"If we can get back to Yankee Stadium from Baltimore with as big a lead as we have now," Houk told Leonard Koppett of the New York Post, "I'll feel we're pretty well set for the rest of the season." As it turned out, the Yankees were lucky to get back alive. They lost all five.
After the final loss, different Yankees had different things to say. "We had a good safe lead coming into Baltimore," Bobby Richardson said. "We felt that even if we just split, we'd be all right. That isn't bearing down enough." Someone suggested to Ralph Houk that the six-game losing streak might indicate a trend. Houk bristled. "I wouldn't go betting too damn much money against us the rest of the way," he said. Only Whitey Ford, who had just lost a tough game, managed to keep his sense of humor. "It seems we've been on the road for three months," he said. "We'll be okay as soon as we get home to mamma."
Curiously, the Yankees' lead didn't shrink as much as it might have during the consecutive losses, because neither Minnesota nor Los Angeles could win consistently. The Yankee lead was still three games when they returned home to the Stadium. But neither the Stadium—nor mamma—halted their decline. They split four games with Cleveland, and the lead was pared to two over the Twins, three over the Angels. At week's end the Yankee lead was still a slim one, just about the right size to guarantee a full house at the Stadium when Los Angeles moved into New York for the big four-game series.

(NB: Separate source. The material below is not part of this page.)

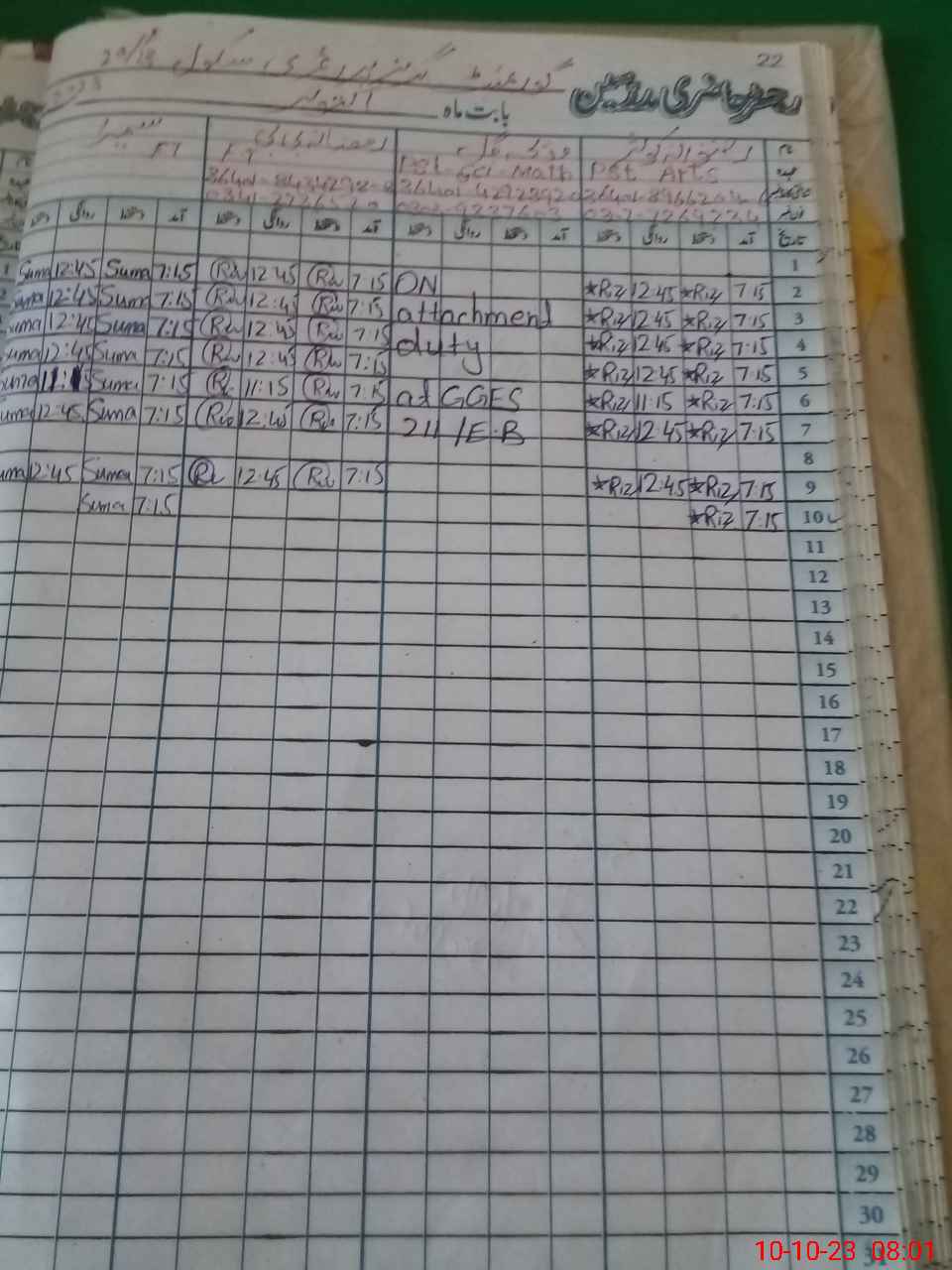 | CNIC | Full Name | Designation | R/C | Absence During Last Calender Month |

Even so, it seemed impossible that the Yankees could lose the pennant to either the Twins or the Angels. Of the three teams, the Yankees have the softest September schedule, and they are the undisputed world champions at the sport of winning-the-ones-you-need. "Let's see how those other guys act when they really get a chance," said Yogi Berra. The Yankees probably will win, just as they always win. Someday they're going to play it too close and get clipped—but not this year.